Copy out again, unchanged, the listing below from the line that has "除特別注明外,本站所有內容均" through the line that has "По каркасу хула-хупы".

-- INPUT RECORDS follows --

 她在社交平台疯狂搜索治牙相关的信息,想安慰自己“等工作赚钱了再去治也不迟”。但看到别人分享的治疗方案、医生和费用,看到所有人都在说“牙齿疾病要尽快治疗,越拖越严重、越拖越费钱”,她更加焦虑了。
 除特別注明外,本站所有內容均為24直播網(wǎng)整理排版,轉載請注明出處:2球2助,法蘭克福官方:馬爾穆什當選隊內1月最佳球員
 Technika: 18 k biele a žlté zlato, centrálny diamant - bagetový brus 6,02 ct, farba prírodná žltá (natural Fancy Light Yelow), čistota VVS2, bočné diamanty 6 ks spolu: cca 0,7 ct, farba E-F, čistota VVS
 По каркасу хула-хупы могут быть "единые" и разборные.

-- INPUT RECORDS concluded --
-- INPUT RECORDS follows --

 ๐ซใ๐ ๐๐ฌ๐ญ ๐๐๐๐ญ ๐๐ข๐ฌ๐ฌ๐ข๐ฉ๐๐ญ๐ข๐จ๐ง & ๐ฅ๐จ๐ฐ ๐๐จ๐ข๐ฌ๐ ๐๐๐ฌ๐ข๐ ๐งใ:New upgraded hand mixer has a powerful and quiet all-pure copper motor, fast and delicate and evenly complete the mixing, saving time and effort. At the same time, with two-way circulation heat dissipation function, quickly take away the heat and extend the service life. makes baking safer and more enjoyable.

-- INPUT RECORDS concluded --

RESULT OF THIS TASK:
 除特別注明外,本站所有內容均為24直播網(wǎng)整理排版,轉載請注明出處:2球2助,法蘭克福官方:馬爾穆什當選隊內1月最佳球員
 Technika: 18 k biele a žlté zlato, centrálny diamant - bagetový brus 6,02 ct, farba prírodná žltá (natural Fancy Light Yelow), čistota VVS2, bočné diamanty 6 ks spolu: cca 0,7 ct, farba E-F, čistota VVS
 По каркасу хула-хупы могут быть "единые" и разборные.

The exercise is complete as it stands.